The Gates Foundation on Monday announced that it planned to give $300 million every year over the next five years, a total of $1.5 billion, to programs that are devoted to improving the health of women and children worldwide. This now becomes one of the foundation’s largest initiatives.
“Women and children have finally moved up on the global agenda and I’m here to tell you that’s where they’re going to stay,” said Melinda Gates, speaking on the same day at a star-studded conference in Washington D.C. called Women Deliver. “Policymakers have treated women and children, quite frankly, as if they matter less than men.”
My friend Kristi Heim at the Seattle Times wrote a good story that tells you all about the grant announcement so I won’t repeat it. I had noted earlier that the philanthropy was shifting in this direction – which they claim is not a shift but merely an expansion of an existing priority.

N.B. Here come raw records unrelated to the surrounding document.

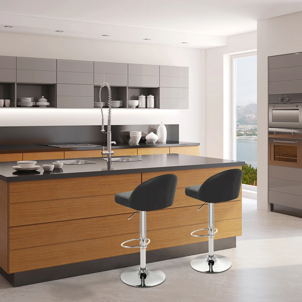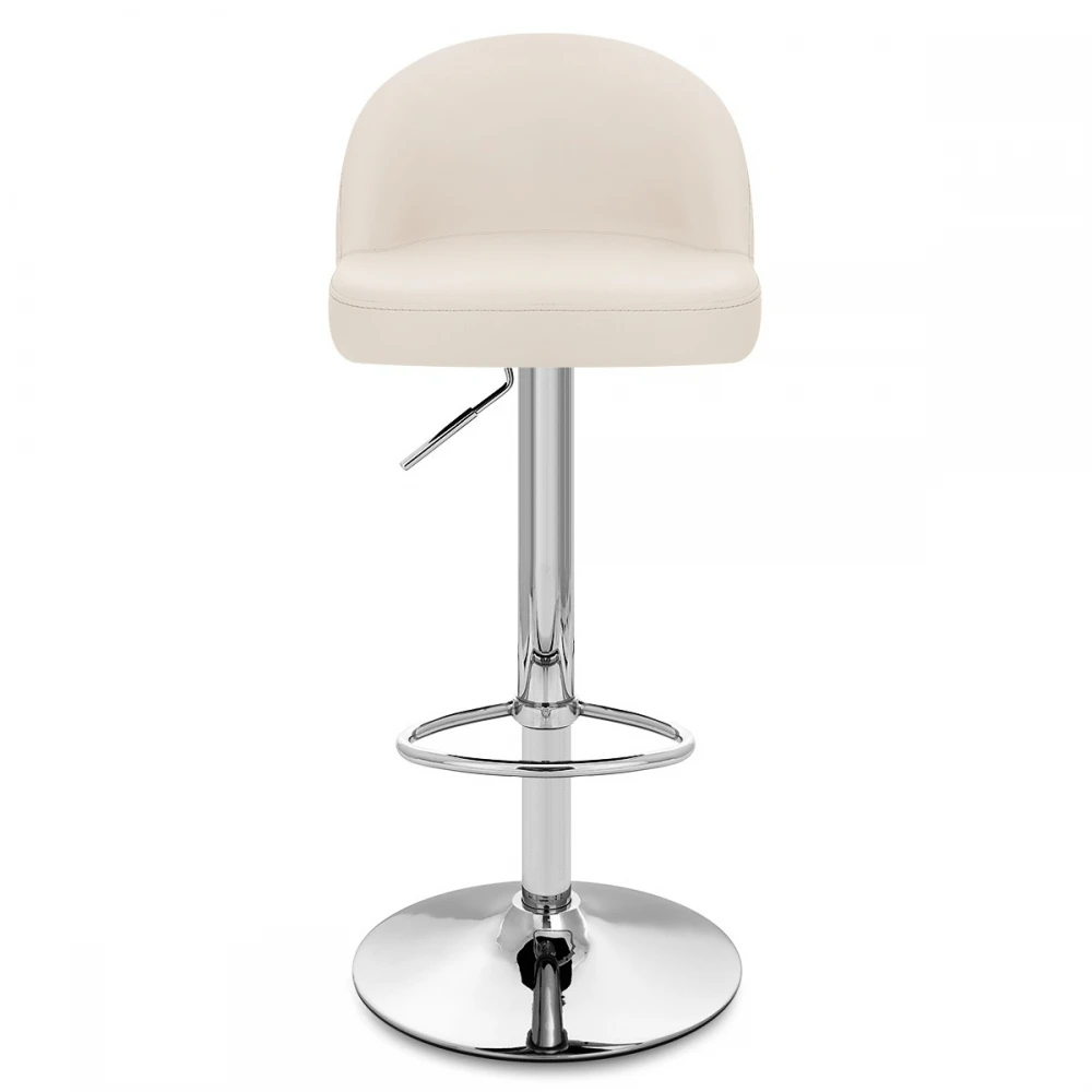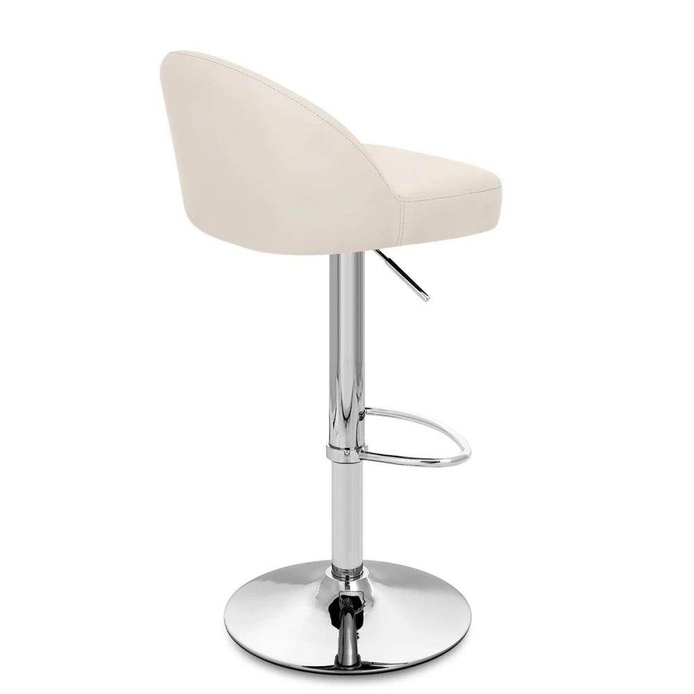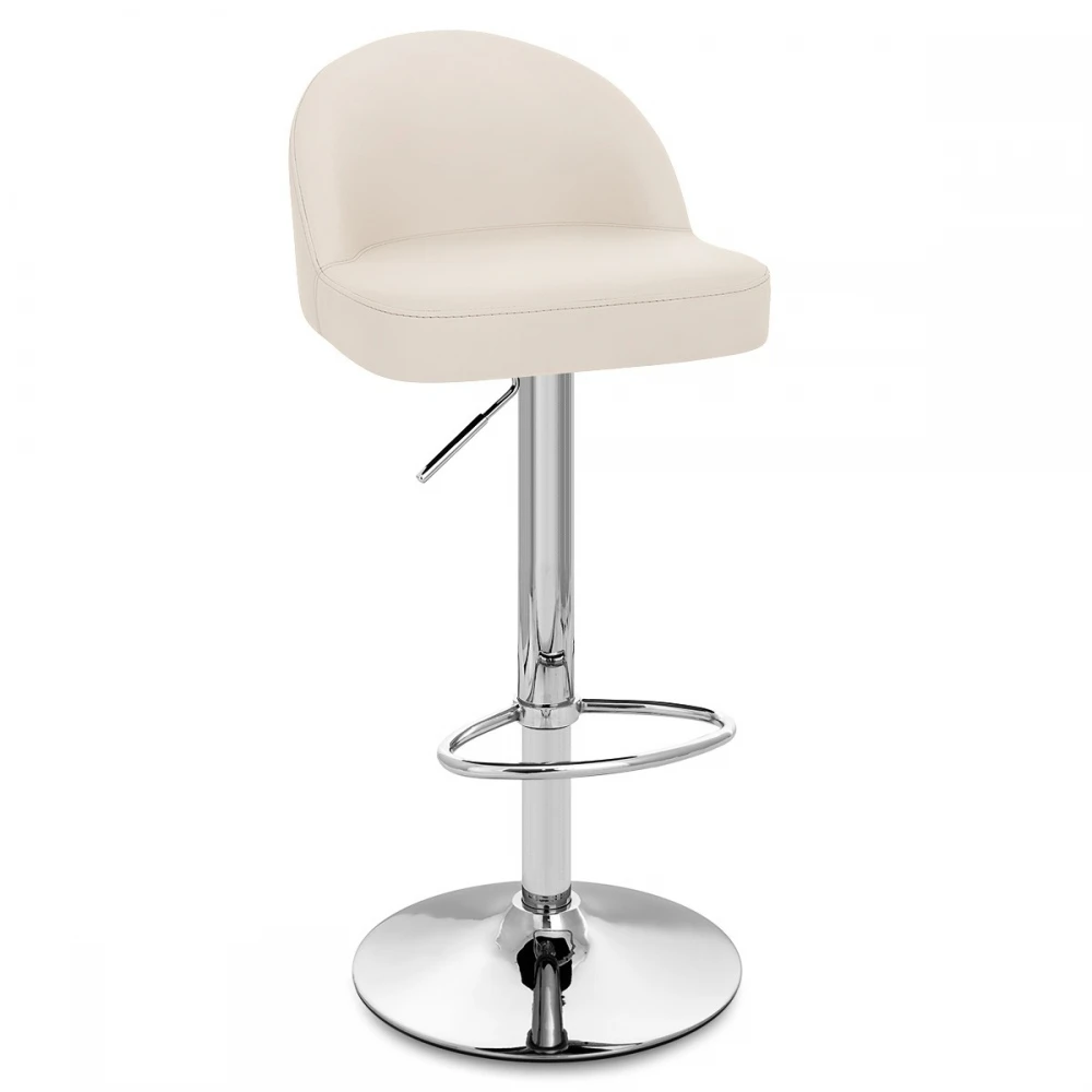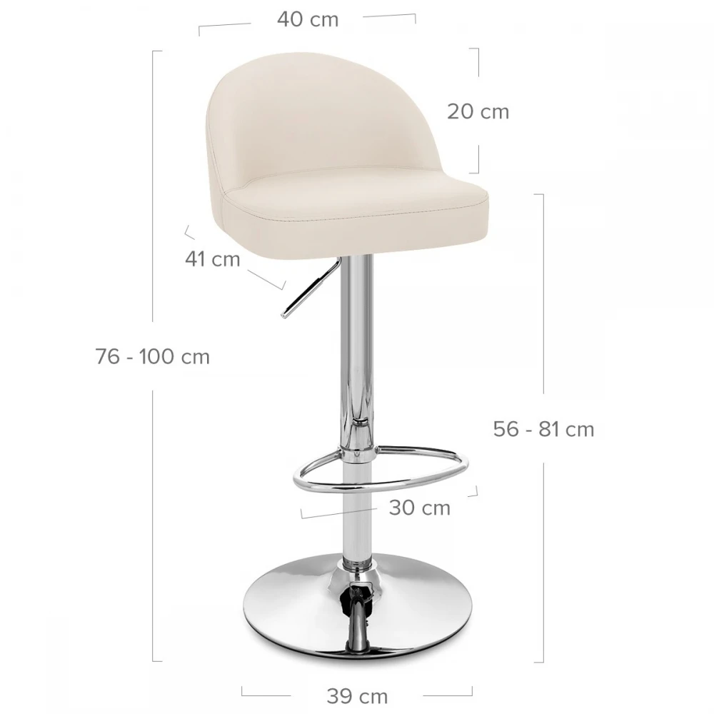 Charmant und schlicht wird der Barhocker Mimi Sie bestimmt verführen. Sein Sitz aus mit unserem dichten Schaumstoff gepolsterten Kunstleder ist sehr komfortabel. Sein Untergestell mit Zylinder ist aus poliertem Chrom, was einen schicken Hochglanz-Effekt bewirkt. Er ist höhenverstellbar und kann um 360° gedreht werden. Schließlich besitzt er auch eine halbmondförmige Fußstütze und Bodenschützer unter seiner runden Basis. Er ist auch in gebürstetem Finish erhältlich.
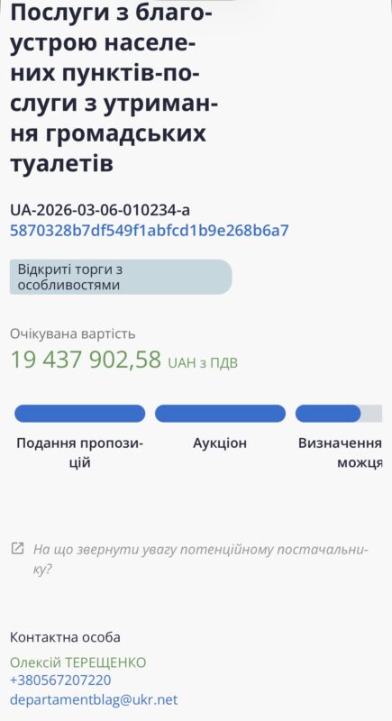 Загальна очікувана вартість закупівлі становить 19 437 902,58 грн. За ці кошти підрядник має забезпечувати чистоту об’єктів до кінця 2026 року. Згідно з документацією, обслуговуванню підлягають майже 9 тисяч біотуалетів. Технічне завдання включає не лише очищення поверхонь від бруду та написів, а й забезпечення вбиралень милом, туалетним папером та дезінфікуючими засобами.
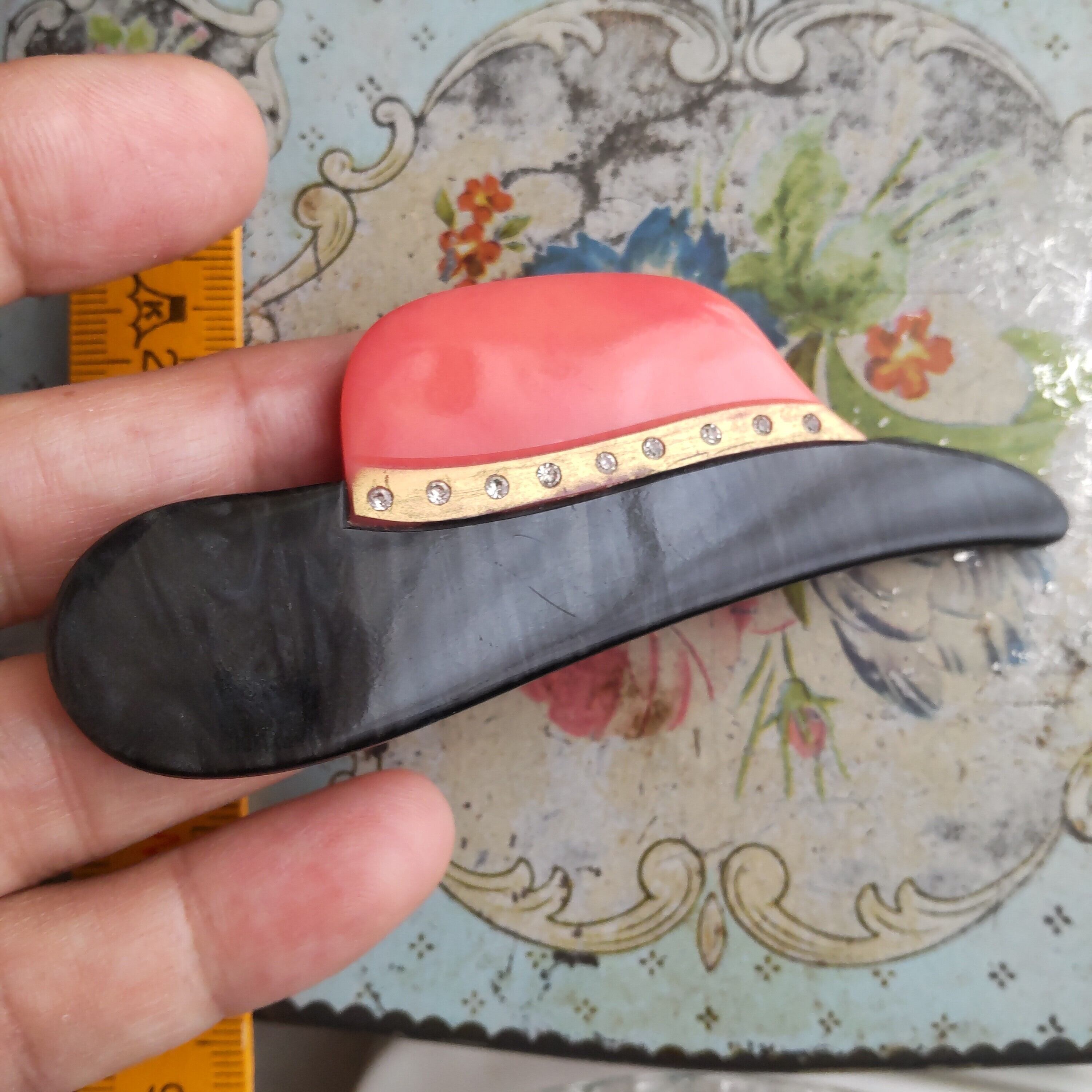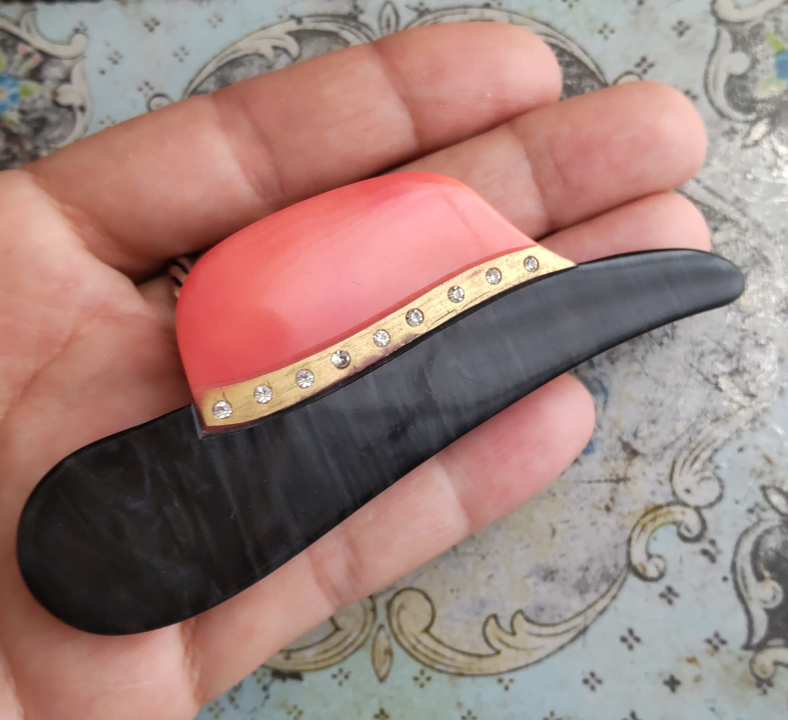 ルーサイトというヴィンテージ樹脂でできた帽子のブローチです
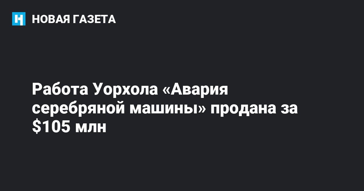Картина «Авария серебряной машины», созданная в 1963 году американским художником Энди Уорхолом, была продана за 105,45 млн долларов на аукционе Sotheby's в Нью-Йорке,сообщает РИА Новости.
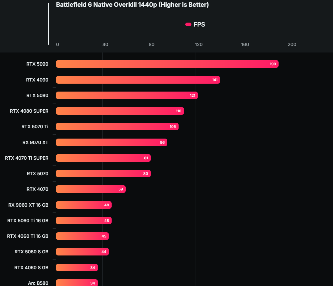 Но есть варианты и от NVIDIAРедакция Wccftech протестировала 15 современных видеокарт в Battlefield 6 с максимальным пресетом Overkill при разрешениях 1080p, 1440p и 4K, чтобы определить лучшие решения для игры.
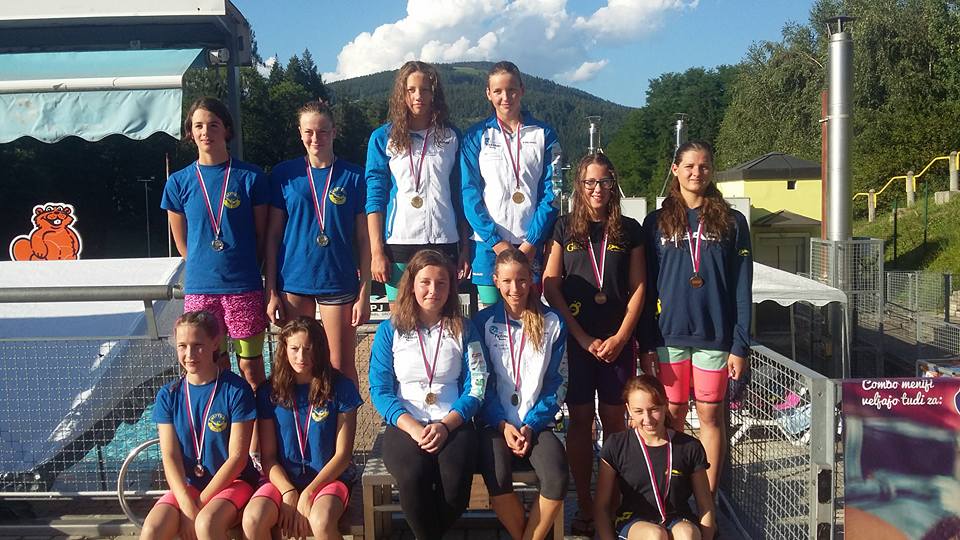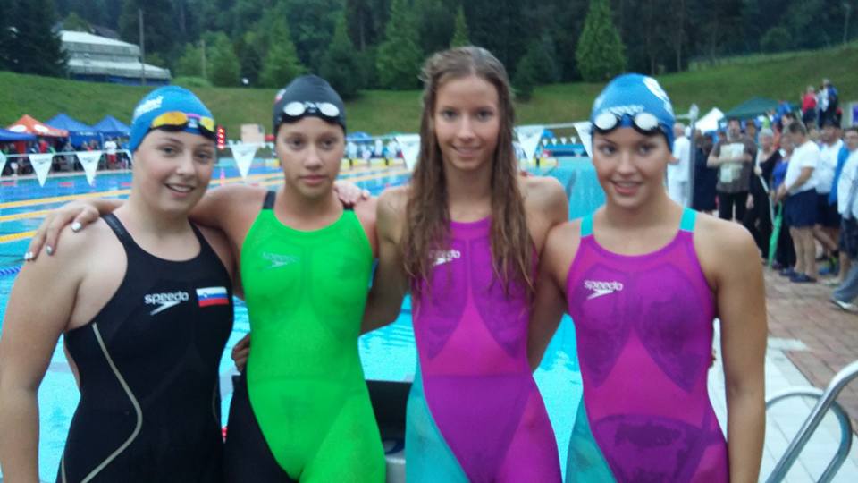Na Letnem odprtem združenem prvenstvu Slovenije v plavanju na Ravnah so si zlato medaljo priplavale Mojca in Urška Hancman, Saša Mencinger in Sara Račnik.
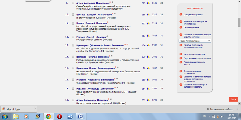 Источник: РИНЦ. Дата обращения 16 сентября 2015 г. http://elibrary.ru/authors.asp
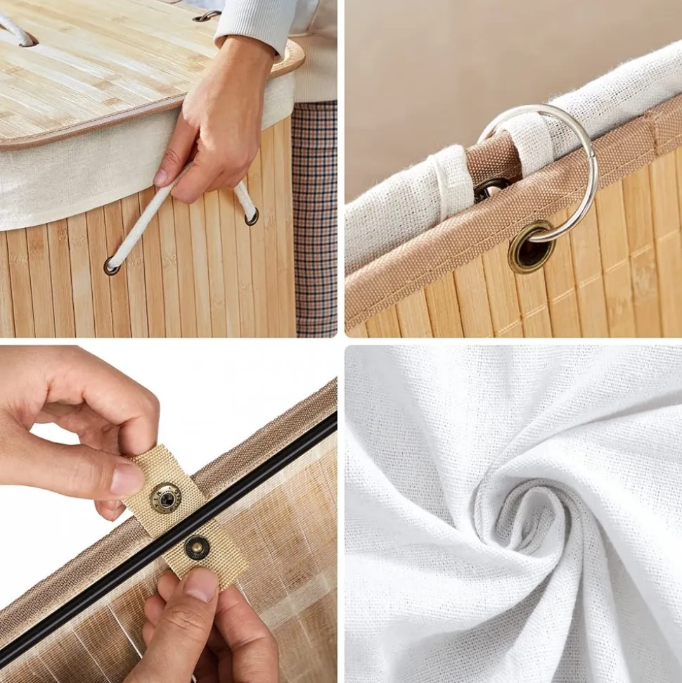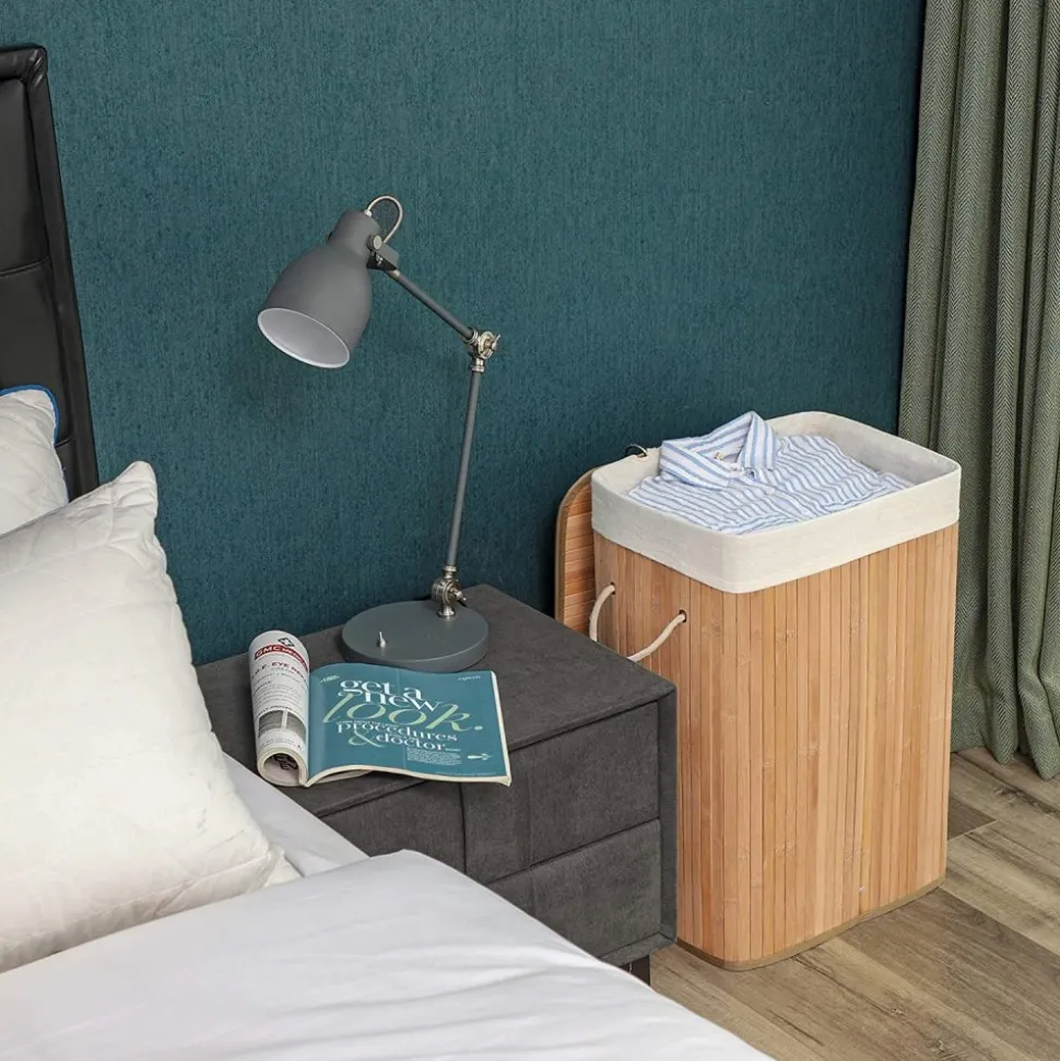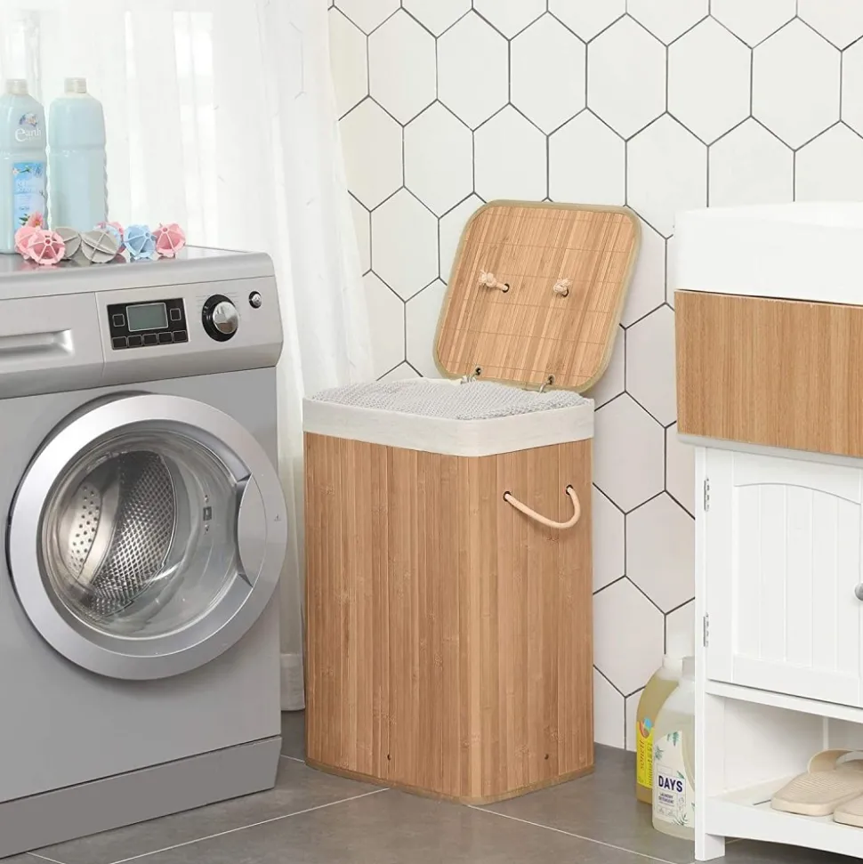 Tvättkorg av bambu med avtagbar innerpåse av bomull. Rymmer 72 liter.
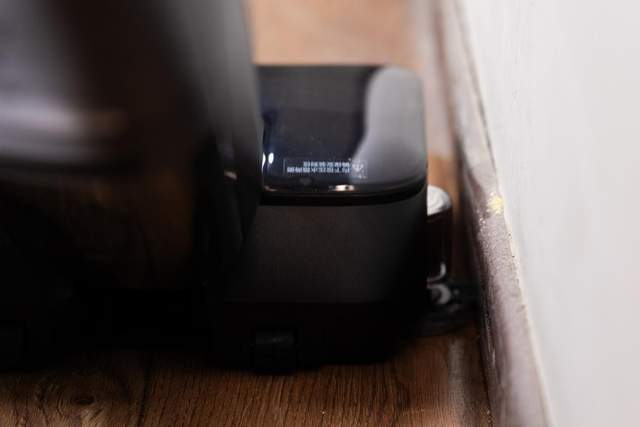 靠近桌腿这类边角时,高精度TOF传感器毫秒级识别,探洗臂会自动外扩5mm紧紧贴住边缘,高速旋转的拖洗盘配合电机下压,连桌腿根部的积灰都能刮得干干净净,用手摸过去没有一点粉末残留,也不会留下水线。

Putting aside the question about whether the Gates Foundation can, in fact, guarantee what will be high on the global agenda (is there a global agenda?), it’s perhaps worth considering if women and children’s health issues really have been neglected as a matter of policy and agenda-setting. And if so, how?
Most global health initiatives that battle diseases like AIDS, tuberculosis and malaria benefit both genders and all ages since the bugs don’t discriminate.
I can’t think of any global initiatives devoted to men’s health but we have a number of organizations like CARE, Planned Parenthood and the Global Fund for Women focused on women’s health issues worldwide. We have even more organizations devoted solely or mostly to children’s health such as Save the Children, World Vision or the United Nation’s Children Fund (aka UNICEF). The Gates Foundation’s biggest project, GAVI, gets vaccines out to children worldwide.
And women, even women in poor countries, tend to live longer than men. So what are we talking about when we say women’s health is a neglected area?
We’re mostly talking about childbirth.
“When people talk about women’s health, they are often talking about maternal health,” said Emmanuela Gakidou, professor of global health at the UW’s Institute for Health Metrics and Evaluation. Women who survive childbirth may or may not live longer than men generally, Gakidou said, but the number of young mothers and children in poor countries who die from complications associated with childbirth is hugely disproportionate when compared to developed countries.
For example, she said, Italy sees an average of four mothers die in childbirth for every 100,000 live births while in places like Afghanistan or Malawi it is more like one maternal death out of every 100 births.
“These deaths are almost entirely preventable,” Gakidou said, adding that the new momentum on this front is because more people recognize “that women should not be dying while they are trying to have a child.”
Amy Hagopian, also a UW professor of global health, said she welcomed the Gates Foundation’s increased interest and investments in maternal health. But the most fundamental need of women in poor countries, she said, is a functioning health system with nurses, midwives and doctors.
“Women are dying because of the lack of these health services,” said Hagopian, adding that the Gates Foundation has so far shown little interest in funding efforts aimed at improving health services. “We already have lots of NGOs working on women and children’s health. Adding more people running around Africa claiming they have come to improve women’s health won’t solve the fundamental problem.”
Hagopian was among a number of people who recently advocated for and won passage of a resolution at the World Health Assembly in Geneva aimed at improving health worker retention in poor countries.